● **Exercise**: In the entries below, repeat only the lines between those holding "A mousepad featuring" and "Playing Footsie Image", inclusive. Leave pictures out.

● **Extracted records**:
************

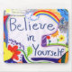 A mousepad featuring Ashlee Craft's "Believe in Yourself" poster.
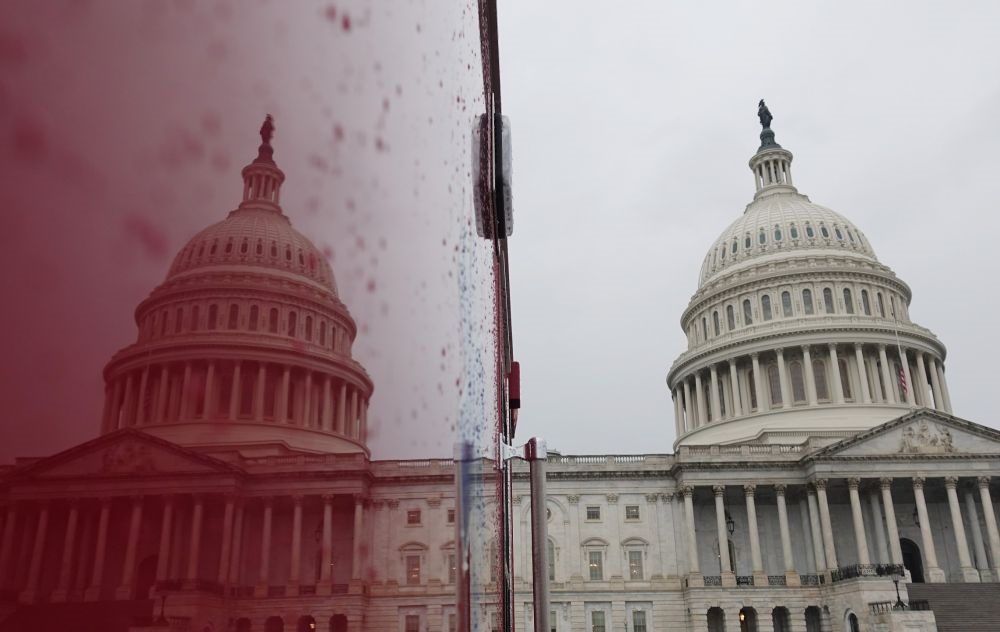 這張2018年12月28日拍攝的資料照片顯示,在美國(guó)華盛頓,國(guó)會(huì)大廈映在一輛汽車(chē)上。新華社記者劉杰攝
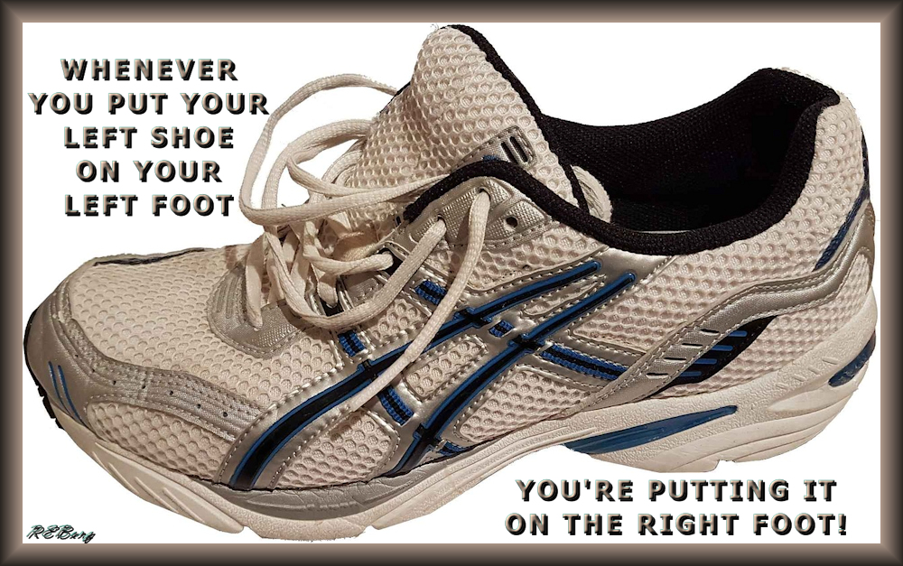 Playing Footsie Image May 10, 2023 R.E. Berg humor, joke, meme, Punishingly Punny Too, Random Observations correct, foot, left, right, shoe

************

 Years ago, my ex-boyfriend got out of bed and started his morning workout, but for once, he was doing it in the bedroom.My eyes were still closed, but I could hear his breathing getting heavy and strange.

************

● **Result of the task**:
 A mousepad featuring Ashlee Craft's "Believe in Yourself" poster.
 這張2018年12月28日拍攝的資料照片顯示,在美國(guó)華盛頓,國(guó)會(huì)大廈映在一輛汽車(chē)上。新華社記者劉杰攝
 Playing Footsie Image May 10, 2023 R.E. Berg humor, joke, meme, Punishingly Punny Too, Random Observations correct, foot, left, right, shoe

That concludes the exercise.